(Saved data entries)
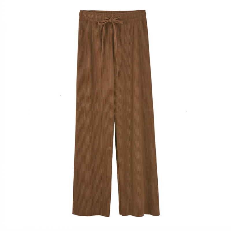 / 復古壓褶寬松闊腿褲秋裝女2018新款純色休閑褲學生高腰顯瘦長褲子
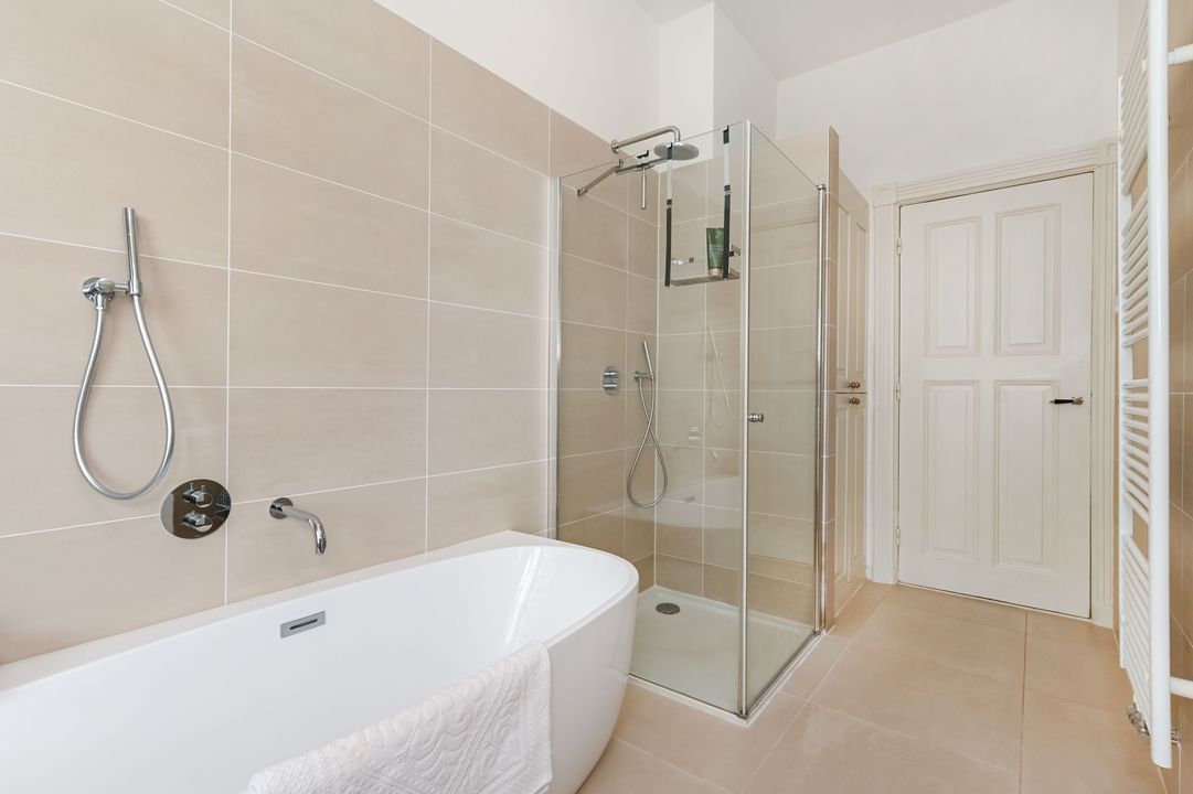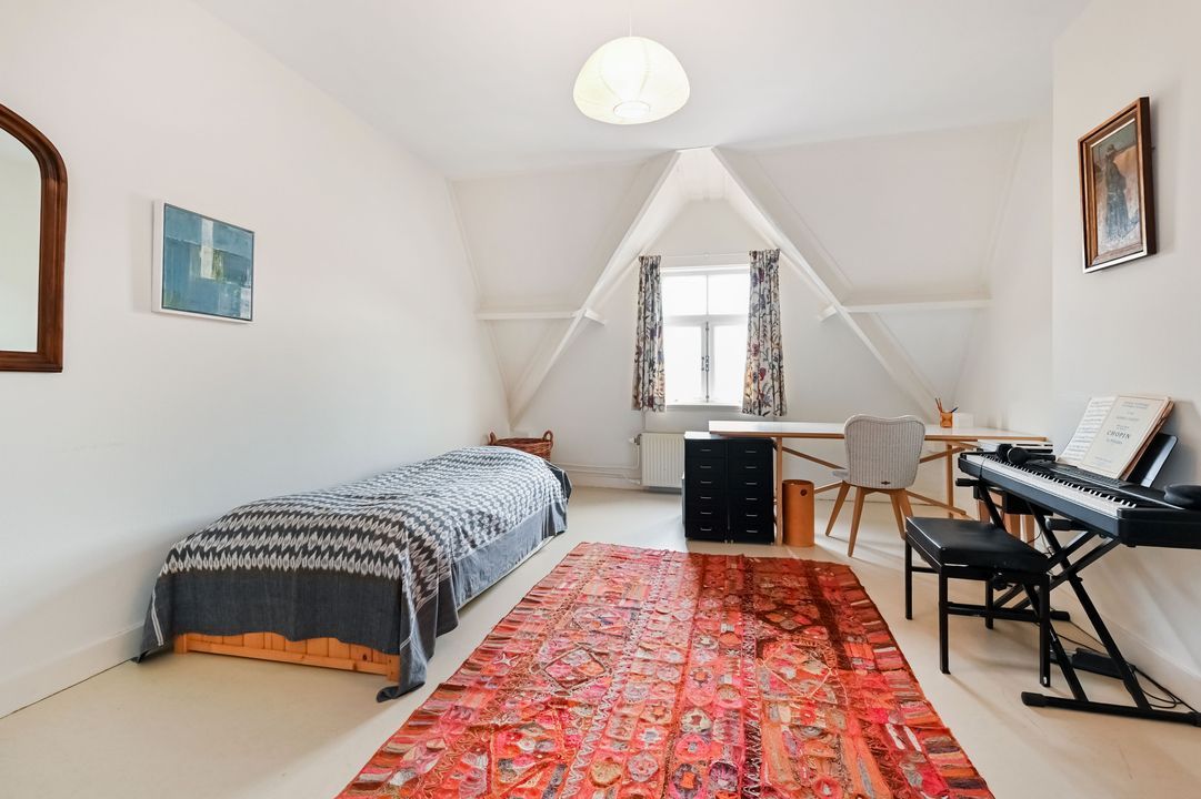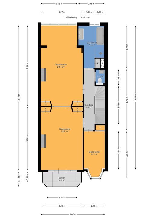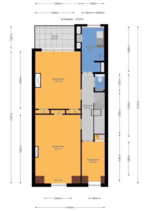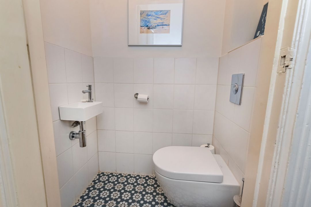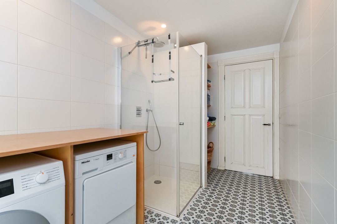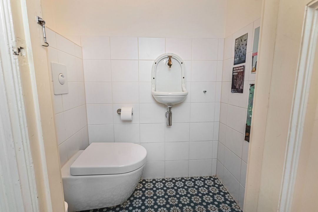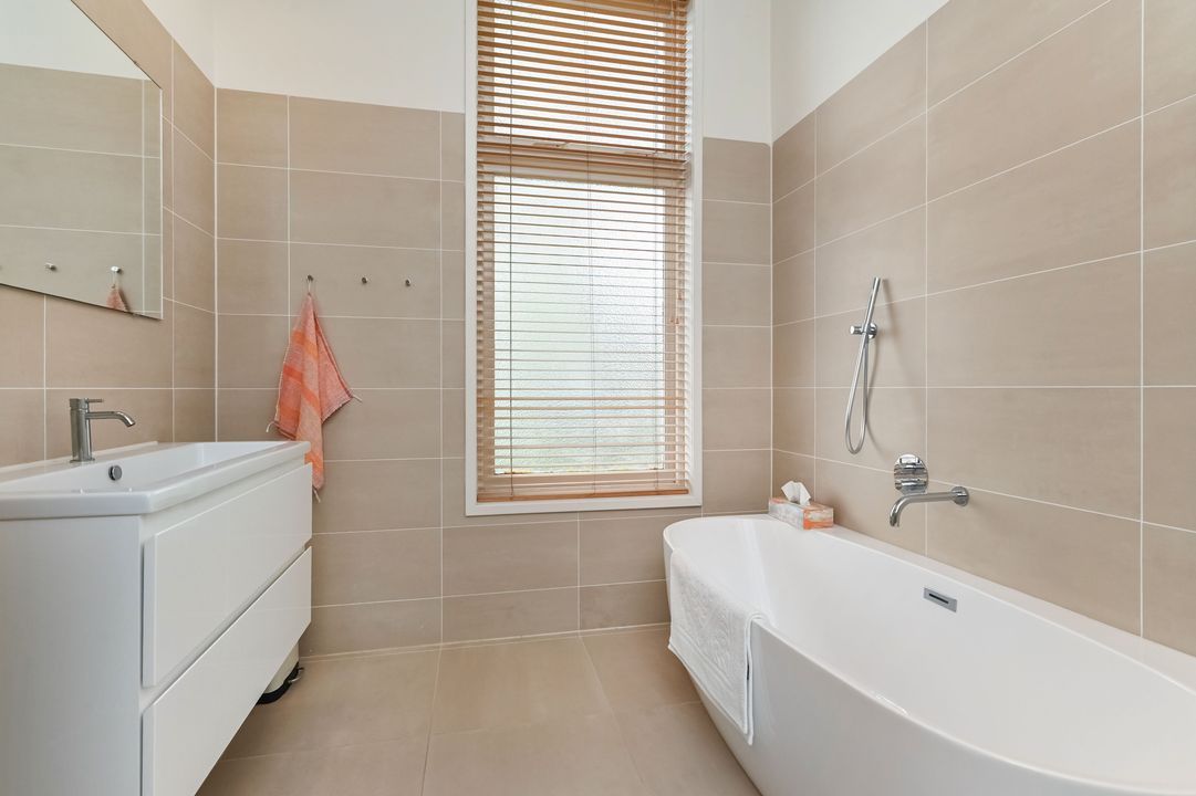 trapopgang naar 2e verdieping: overloop met daklicht en betegeld toilet met fontein; voor slaapkamer ca. 3,95x6,00m met vaste kast; achter slaapkamer ca. 3,95x5,00m met 2 vaste kasten en openslaande deuren naar achterbalkon/terras op het westen ca. 1,95x3,45m; voorzijkamer ca. 2,00x3,50m voorzien van vaste kast met opstelling van cv-combiketel (Remeha Calenta 2018) en omvormer zonnepanelen; geheel betegelde badkamer ca. 2,00x4,00m voorzien van douche, wastafelmeubel, opstelling wasmachine en droger en vaste kast.
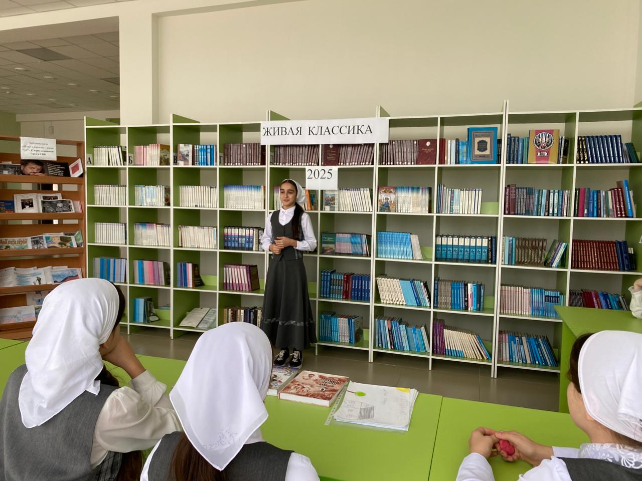 02.12.2025С 24 по 28 ноября 2025 года в МБОУ СОШ с Беркат-Юрт прошла Всероссийская неделя «Живой классики», главная цель которой – познакомить будущих участников конкурса с лучшими произведениями русской и зарубежной классической литературы, а также новинками современных авторов.
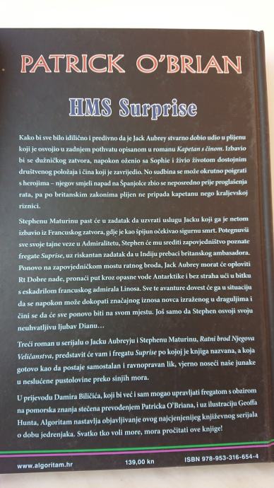 Treći roman u serijalu o Jacku Aubreyju i Stephenu Maturinu, Ratni brod Njegova Veličanstva, predstavit će vam i fregatu Suprise po kojoj je knjiga nazvana, a koja gotovo kao da postaje samostalan i ravnopravan lik, vjerno noseći naše junake u neslućene pustolovine preko sinjih mora.
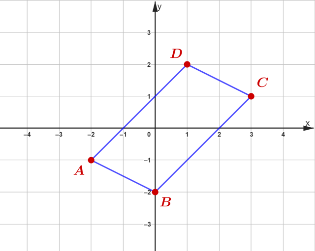W tym zadaniu musisz podać współrzędną wierzchołka D równoległoboku ABCD, skoro A = (-2,-1), B = (0,-2), C = (3,1).
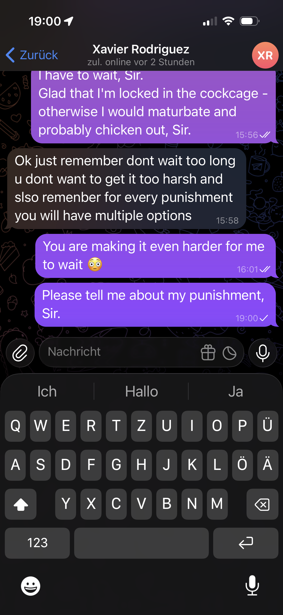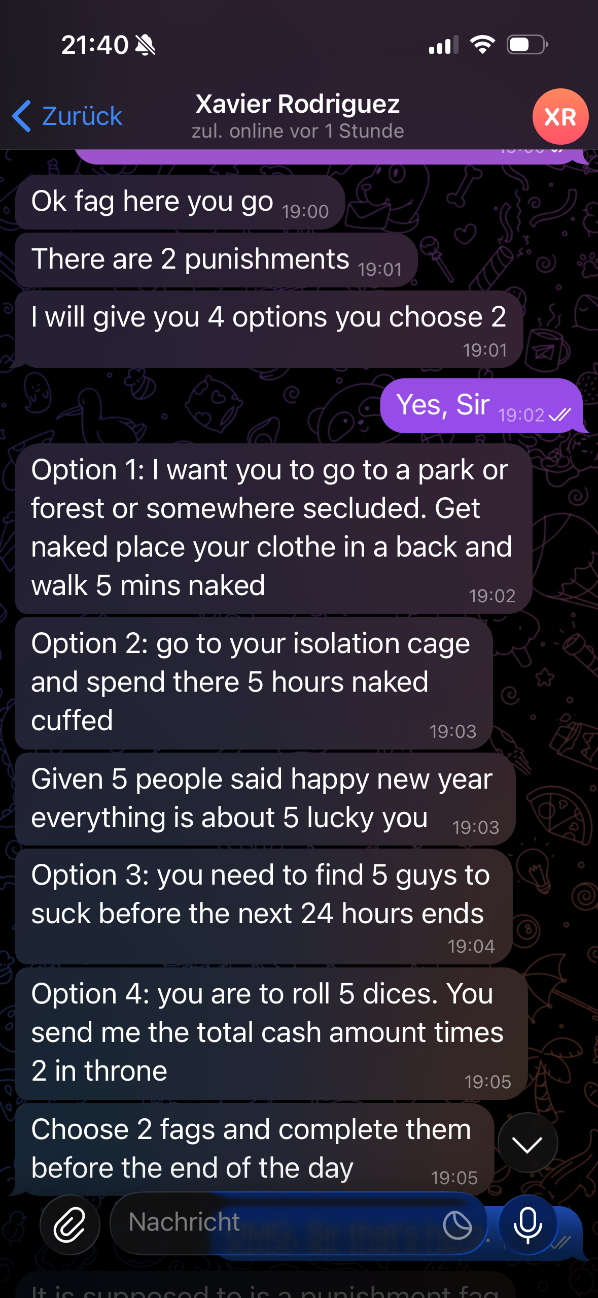Statt in der Ecke zu sitzen, sollte unbedingt die Besinnungszelle verwendet werden, bitte Deinen Blackmail Master darum, sonst tue ich das.

* **Problem to work on**: Give back the records word for word, without their pictures.

* **Written answer**:
 / 復古壓褶寬松闊腿褲秋裝女2018新款純色休閑褲學生高腰顯瘦長褲子
 trapopgang naar 2e verdieping: overloop met daklicht en betegeld toilet met fontein; voor slaapkamer ca. 3,95x6,00m met vaste kast; achter slaapkamer ca. 3,95x5,00m met 2 vaste kasten en openslaande deuren naar achterbalkon/terras op het westen ca. 1,95x3,45m; voorzijkamer ca. 2,00x3,50m voorzien van vaste kast met opstelling van cv-combiketel (Remeha Calenta 2018) en omvormer zonnepanelen; geheel betegelde badkamer ca. 2,00x4,00m voorzien van douche, wastafelmeubel, opstelling wasmachine en droger en vaste kast.
 02.12.2025С 24 по 28 ноября 2025 года в МБОУ СОШ с Беркат-Юрт прошла Всероссийская неделя «Живой классики», главная цель которой – познакомить будущих участников конкурса с лучшими произведениями русской и зарубежной классической литературы, а также новинками современных авторов.
 Treći roman u serijalu o Jacku Aubreyju i Stephenu Maturinu, Ratni brod Njegova Veličanstva, predstavit će vam i fregatu Suprise po kojoj je knjiga nazvana, a koja gotovo kao da postaje samostalan i ravnopravan lik, vjerno noseći naše junake u neslućene pustolovine preko sinjih mora.
W tym zadaniu musisz podać współrzędną wierzchołka D równoległoboku ABCD, skoro A = (-2,-1), B = (0,-2), C = (3,1).
Statt in der Ecke zu sitzen, sollte unbedingt die Besinnungszelle verwendet werden, bitte Deinen Blackmail Master darum, sonst tue ich das.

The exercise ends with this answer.